Etude du comportement hydrique de couvertures avec effets de barrieres capillaires inclinees a l'aide de modelisations physiques et numeriques (French and English text).

摘要

Over the last few years, covers with capillary barrier effects (CCBE) have been proposed as a possible alternative to low saturated hydraulic conductivity covers, made of natural or synthetic materials, for isolating different contamination sources (domestic, industrial, hazardous or mining wastes). In that regard, CCBE can be used to restrict the ingress of both water and gas into the disposal facilities, hence limiting the exchanges between wastes and the environment.; The unidimensional hydraulic behavior of CCBE is pretty well known, and it has served as a design basis for covers installed on reactive mine wastes. So far however, little attention has been paid to geometrical (slope inclination and length) effects. The effects of cover geometry for gas barriers have been neglected even when systems were placed on the side of stacks which can have slope angles up to 20°. This has lead to misleading conclusions, and sometimes unsafe design. The main objective of the work presented in this thesis was to investigate the influence of different parameters on the humidity distribution and to relate these parameters to the efficiency of CCBE used to restrict water and gas transport, with an emphasis on the effects of cover geometry.; Laboratory and in situ tests were conducted with various layered cover systems at different scales to evaluate their hydraulic behavior under well controlled conditions, making successful comparisons between 1D, 2D and 3D calculations and actual observations.
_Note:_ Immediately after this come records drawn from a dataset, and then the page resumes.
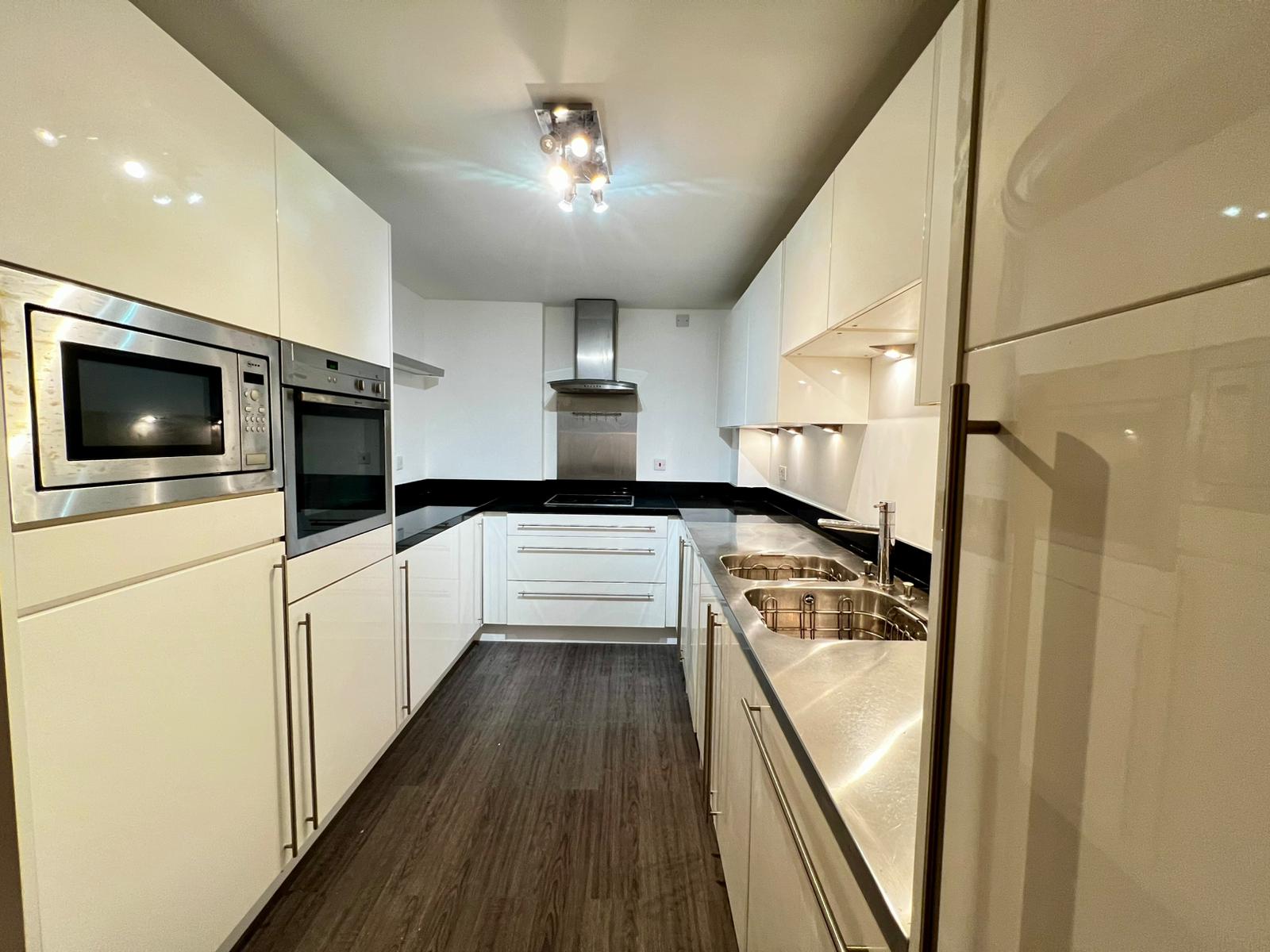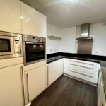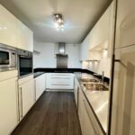 The modern kitchen comes fully equipped with integrated appliances, plenty of storage, and a clean, minimalist design — perfect for cooking and entertaining.
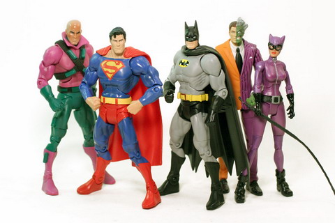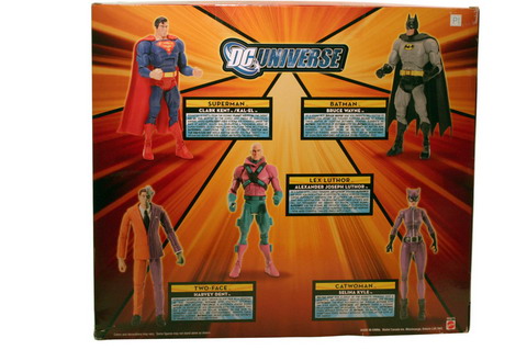 Long time collectors will quickly notice that four of the five figures - Superman, Batman, Two-Face, Catwoman - are repaints from the DC Superheroes and DC Universe Classics lines, but the fifth figure is all new: Lex Luthor. Only one previous Lex Luthor figure in his battle armor was made prior, but this figure packaged here is all-new.
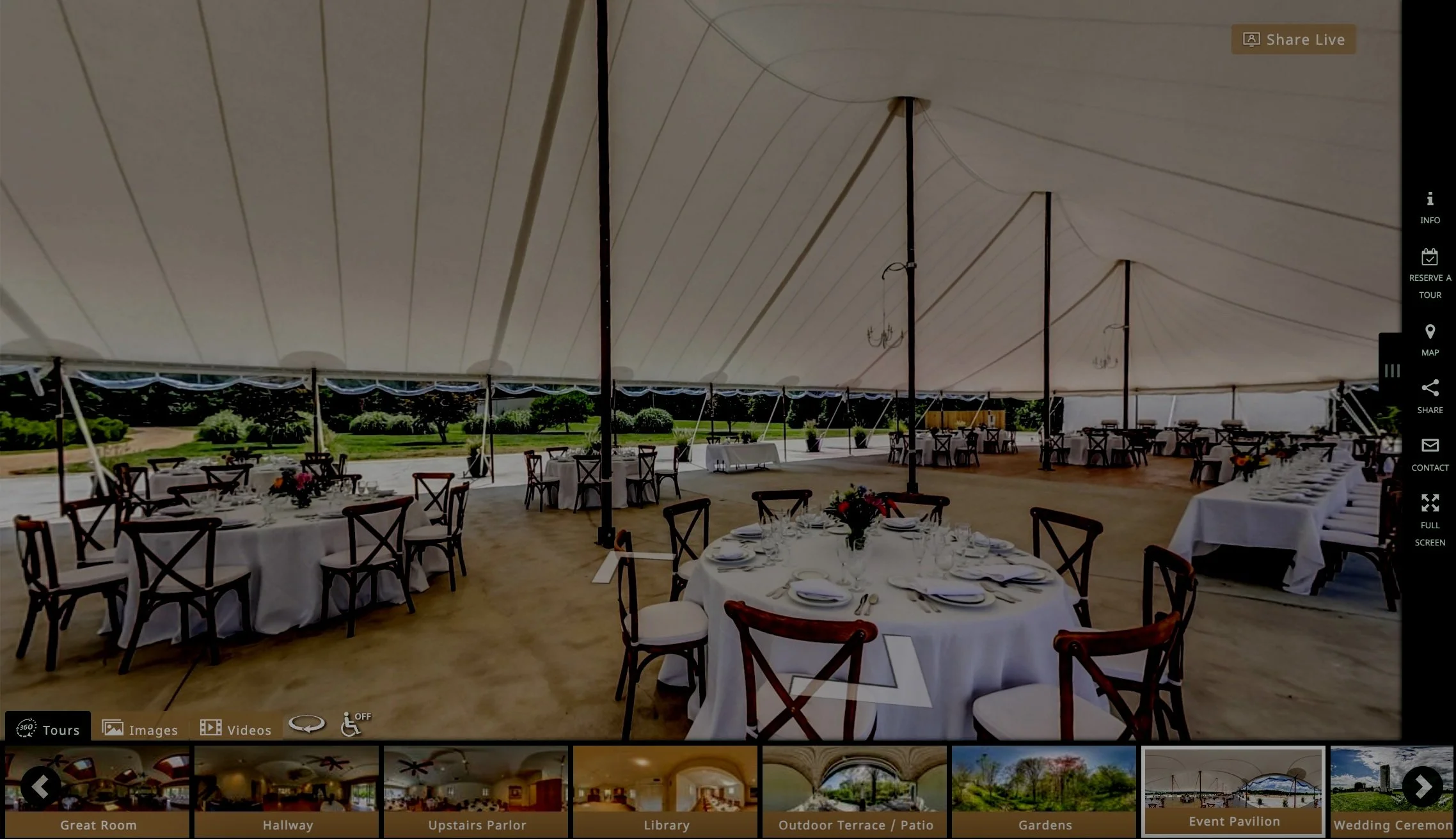 Our largest space is situated just steps from the pergola, which is used for many of our outdoor wedding ceremonies. It is a permanent sailcloth tent with permanent flooring, lighting, and beautiful views. There is a restroom facility on site.
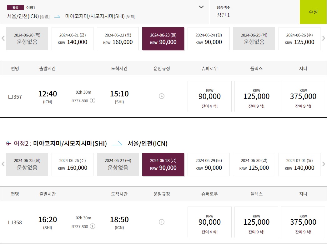 2. 미야코지마 비행시간 , 시간표 , 가격
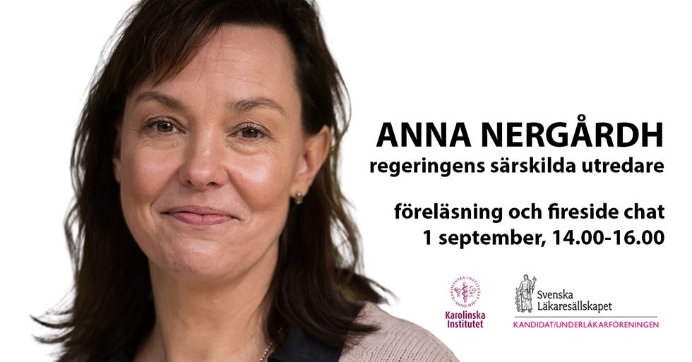 Svenska Läkaresällskapets Kandidat- och Underläkarförening (SLS KUF) anordnade en föreläsning och fireside chat med Anna Nergårdh, särskild utredare för utredningen "Samordnad utveckling för God och Nära Vård" tillsammans med Karolinska Institutet.
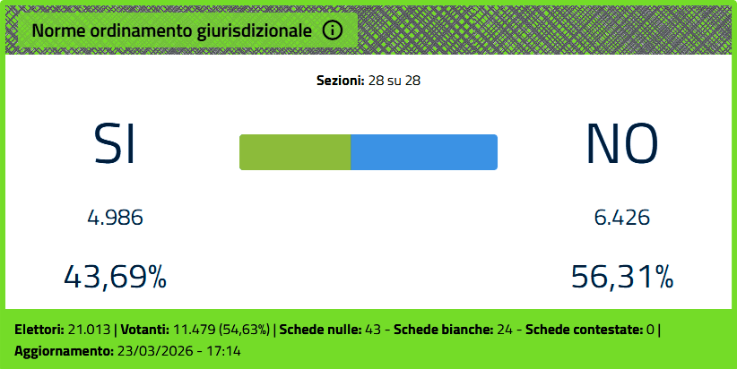 Anche a Galatina ha vinto il NO al Referendum sulla separazione delle carriere dei magistrati. Sono stati 6426 (56,31%) i galatinesi che hanno scelto di non modificare la Costituzione della Repubblica Italiana. Mentre ad esprimersi per il suo cambiamento sono stati 4986 (43,69%).
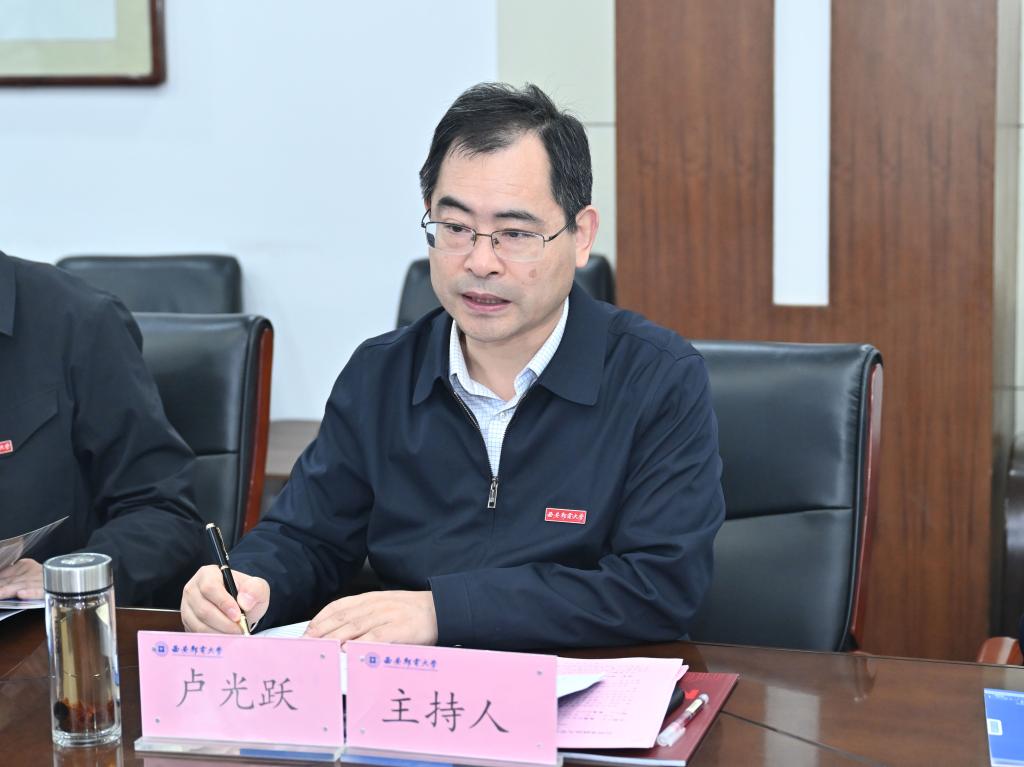 卢光跃代表学校对范九利一行的到访表示欢迎,并简要介绍了学校的发展历程、学科布局及办学特色。他指出,西安邮电大学与西北政法大学同为省属高水平大学,地处长安,区位相邻、优势互补,在“长安联盟”框架下已形成良好的合作基础。近年来,双方依托各自学科特色,积极推进“法律+人工智能”“人工智能+法律”复合型人才培养,协同探索学科交叉融合新路径,取得了阶段性成效。希望以此次调研为契机,进一步深化合作内涵,在人才培养模式创新、科研协同攻关、平台共建共享等方面取得更加务实的成果。

The influence of cover geometry was further investigated with a new and original experimental set up, called the laboratory inclined box, which allowed direct measurements of critical parameters.; This study also made use of results obtained from an instrumented CCBE built on a real large scale site. The in situ measurements confirmed that the position in the slope greatly affects the response of the cover. A parametric study was then performed based on various numerical analyses of unsaturated water flow through a portion of the cover placed on the side of the LTA stack. The detailed results were used to establish empirical relationships for assessing, based on simple system properties, the performance of the CCBE. (Abstract shortened by UMI.)